§ **TASK GOAL**: Copy exactly the lines from the start of the material through the line with "Executing our strategy, delivering". Pictures stay out of the copy.

STUDY MATERIAL START

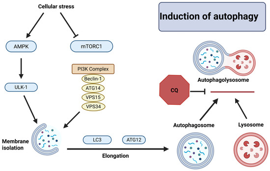 Cellular stress causing induction of autophagy in NB cells. AMPK phosphorylates ULK-1, which alongside the PI3K complex forms the isolation membrane. The membrane is expanded by LC3 and ATG12 to form the autophagosome. The autophagosome fuses with the lysosome to begin degradation of autophagosome contents. Chloroquine (CQ) is a known autophagy inhibitor that targets the fusion of the autophagosome to lysosome. This figure was created with BioRender.
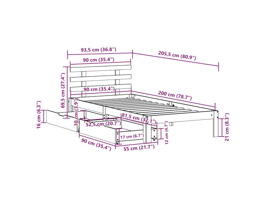 - Vhodné rozměry matrace: 90 x 200 cm (Š x D) (matrace není součástí balení)
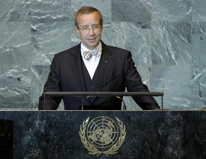 TOOMAS HENDRIK ILVES, President of Estonia, said his country’s transformation, after a half century of “thuggish” Soviet and Nazi occupation, into a modern technologically cutting-edge European democracy in just one generation was a testament to what committed people could do, as well as a challenge to those who found excuses for not implementing democracy, eliminating corruption and stopping the brutalization of their citizens. Hope of liberty and democracy were in the air in the Middle East: “again people have come together and said ‘Enough!’”. Enough of the lies, the corruption, the 3 a.m. knock on the door by the dull-brained goons of the secret police,” he said.
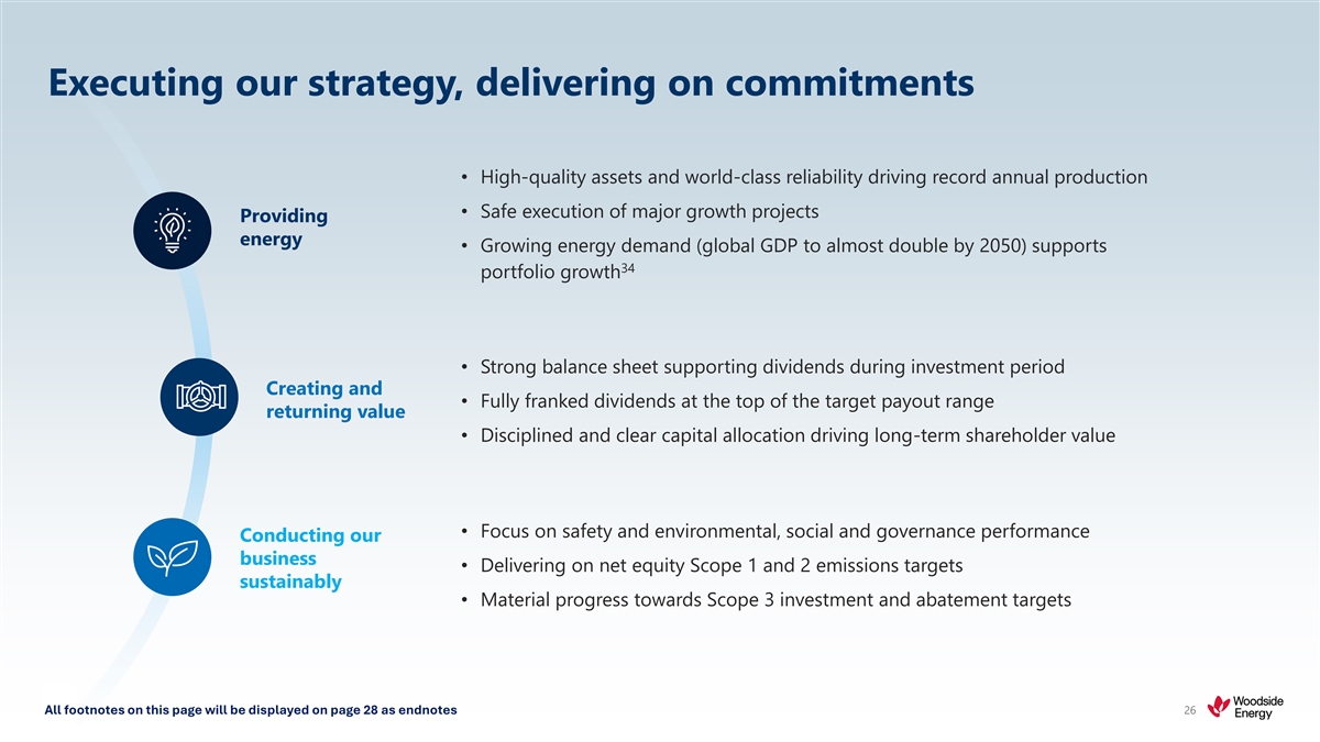 Executing our strategy, delivering on commitments • High-quality assets and world-class reliability driving record annual production • Safe execution of major growth projects Providing energy • Growing energy demand (global GDP to almost double by 2050) supports 34 portfolio growth • Strong balance sheet supporting dividends during investment period Creating and • Fully franked dividends at the top of the target payout range returning value • Disciplined and clear capital allocation driving long-term shareholder value • Focus on safety and environmental, social and governance performance Conducting our business • Delivering on net equity Scope 1 and 2 emissions targets sustainably • Material progress towards Scope 3 investment and abatement targets A 26 ll footnotes on this page will be displayed on page 28 as endnotes 26
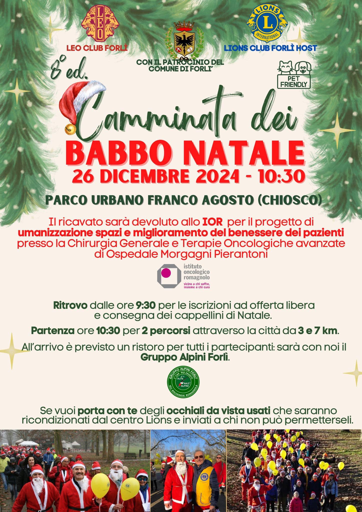 Anche l’ottava edizione della Camminata dei Babbo Natale, promossa dal Lions Club Forlì Host e dal Leo Club, ha superato ogni aspettativa sia per il numero dei partecipanti, oltre 1.000 (il maggiore in assoluto rispetto a quelle precendenti), sia per i fondi raccolti e cioè 5.000 euro. La cifra sarà destinata all’Istituto Oncologico Romagnolo (IOR) per finanziare i lavori di umanizzazione del reparto di Chirurgia Generale e Terapie Oncologiche avanzate dell’Ospedale “Morgagni-Pierantoni” e per fare in modo che gli ospiti del dipartimento condotto dal professor Giorgio Ercolani abbiano locali più accoglienti. Inoltre sono stati raccolti più di 100 occhiali usati da vista che, una volta rigenerati dall’apposito centro Lions nazionale, verranno inviati in nazioni in cui ci sono molte persone che non hanno le condizioni economiche per poterseli permettere. Come gli altri anni la camminata si è snodata per le vie del centro della città per poi ritornare al punto di partenza, dove ad aspettare i partecipanti c’erano alcuni componenti del Gruppo Alpini Forlì che hanno offerto un ristoro. Mentre gli organizzatori hanno consegnato un omaggio ai camminatori, così come numerosi sono stati i premi sorteggiati grazie alle donazioni di alcune attività commerciali.
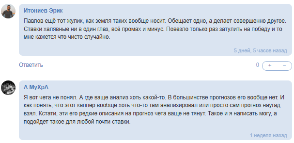 Комментарии внутри Telegram-канала ограничены, полноценный отзыв оставить нельзя. На сторонних ресурсах встречаются негативные мнения о работе прогнозиста и обвинения в разводе. Репутация среди пользователей далека от положительной.
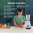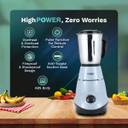 This mixer grinder comes with a 1.2 L liquidizing jar, a 1.0 L grinding jar and a 0.4 L chutney jar to meet the dry and wet grinding requirements in your kitchen. You can prepare a variety of foods to suit your needs, including smoothies, curry sauce, ground coffee, and frozen drinks.
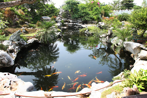 Thứ hai: chọn cách xây hồ chìm, tức hồ bằng với mặt đất và bên ngoài thành hồ sẽ dùng đá và cụm cây bụi để tạo thành hồ tự nhiên. Cách này tự nhiên hơn, cũng tiết kiệm được không gian hơn, chúng tạo được cảm giác hài hoà, không quá gò bó. Tuy nhiên, cách này cũng có nhiều bất cập, chính là việc uốn lượn của thành hồ bằng đá kè và cây bụi sẽ khiến khó khăn cho việc vệ sinh.
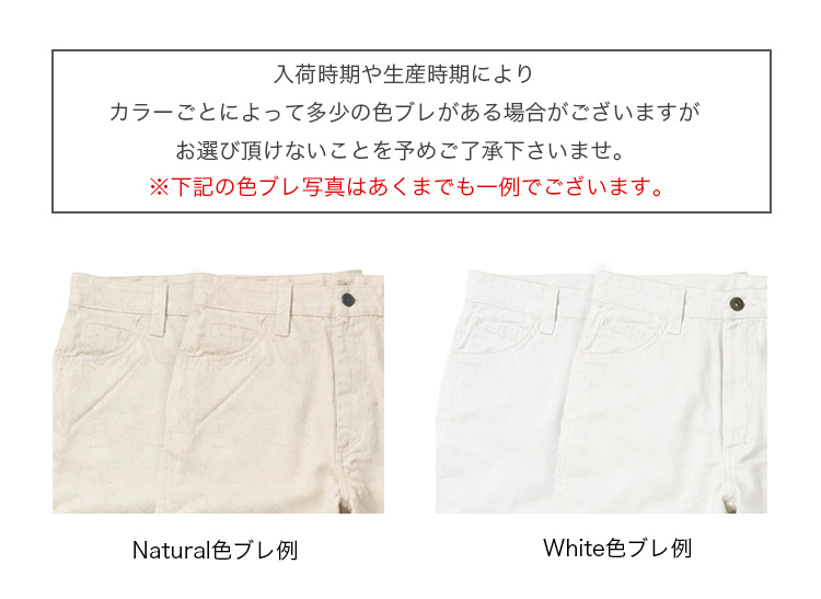 ラフな風合いのコットンツイル生地を採用し、抜け感のあるカジュアルライクな雰囲気を演出。カラーは爽やかなオフホワイトと、あたたかみのあるナチュラル(キナリ)の2色をラインナップ。季節問わず着回せ、ワークからきれいめスタイルなど幅広いコーデに活躍する一本です。

STUDY MATERIAL END

§ **TASK SOLUTION**:
 Cellular stress causing induction of autophagy in NB cells. AMPK phosphorylates ULK-1, which alongside the PI3K complex forms the isolation membrane. The membrane is expanded by LC3 and ATG12 to form the autophagosome. The autophagosome fuses with the lysosome to begin degradation of autophagosome contents. Chloroquine (CQ) is a known autophagy inhibitor that targets the fusion of the autophagosome to lysosome. This figure was created with BioRender.
 - Vhodné rozměry matrace: 90 x 200 cm (Š x D) (matrace není součástí balení)
 TOOMAS HENDRIK ILVES, President of Estonia, said his country’s transformation, after a half century of “thuggish” Soviet and Nazi occupation, into a modern technologically cutting-edge European democracy in just one generation was a testament to what committed people could do, as well as a challenge to those who found excuses for not implementing democracy, eliminating corruption and stopping the brutalization of their citizens. Hope of liberty and democracy were in the air in the Middle East: “again people have come together and said ‘Enough!’”. Enough of the lies, the corruption, the 3 a.m. knock on the door by the dull-brained goons of the secret police,” he said.
 Executing our strategy, delivering on commitments • High-quality assets and world-class reliability driving record annual production • Safe execution of major growth projects Providing energy • Growing energy demand (global GDP to almost double by 2050) supports 34 portfolio growth • Strong balance sheet supporting dividends during investment period Creating and • Fully franked dividends at the top of the target payout range returning value • Disciplined and clear capital allocation driving long-term shareholder value • Focus on safety and environmental, social and governance performance Conducting our business • Delivering on net equity Scope 1 and 2 emissions targets sustainably • Material progress towards Scope 3 investment and abatement targets A 26 ll footnotes on this page will be displayed on page 28 as endnotes 26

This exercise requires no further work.